Use of Trastuzumab to Induce Increased ER Expression in ER-negative/Low, Her-2/Neu Positive Breast Cancer

Breast Cancer Clinical Trial

Official title:

Evaluation of the Use of Trastuzumab to Induce Increased ER Expression in ER-Negative/Low, Her-2/Neu Positive Breast Cancer

Clinical Trial Details — Status: Terminated

Administrative data

• NCT number: NCT00726180
• Other study ID #: UMCC 2007.130
• Status: Terminated
• Phase: Phase 1/Phase 2
• First received: July 28, 2008
• Last updated: August 9, 2013
• Start date: July 2008
• Est. completion date: October 2010

Study information

• Verified date: August 2013
• Source: University of Michigan Cancer Center
• Contact: n/a
• Is FDA regulated: No
• Health authority: United States: Institutional Review Board
• Study type: Interventional

Clinical Trial Summary

The majority pf breast cancers present as ER-positive, many of which are able to be targeted with multiple hormonal therapies. Altering ER-negative tumors to increase ER expression has the potential to benefit patients by making hormonal therapies a therapeutic option and possibly improving their overall prognosis.

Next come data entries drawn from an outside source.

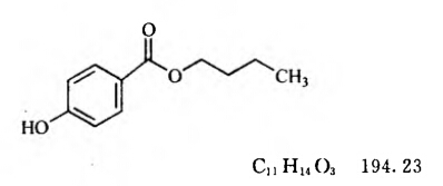 本品为4-羟基苯甲酸丁酯,由正丁醇和对羟基苯甲酸酯化而成。按干燥品计算,含C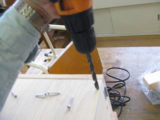 ドライバドリルを2つ使って、下穴とねじ締めを行う。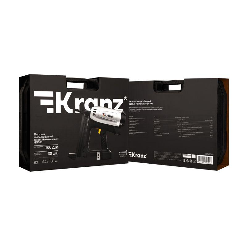 - Пистолет монтажный газовый гвоздезабивной GN100 100Дж длина гвоздей 15-40мм d2.7-3мм KRANZ KR-16-1655

Recruitment information / eligibility

• Status: Terminated
• Enrollment: 1
• Est. completion date: October 2010
• Est. primary completion date: June 2010
• Accepts healthy volunteers: No
• Gender: Female
• Age group: 18 Years and older

Eligibility

Inclusion Criteria:

• Women who have Her-2 positive and ER- negative or ER-low breast cancer that has not metastasized, or spread to other parts of the body, are eligible for the study.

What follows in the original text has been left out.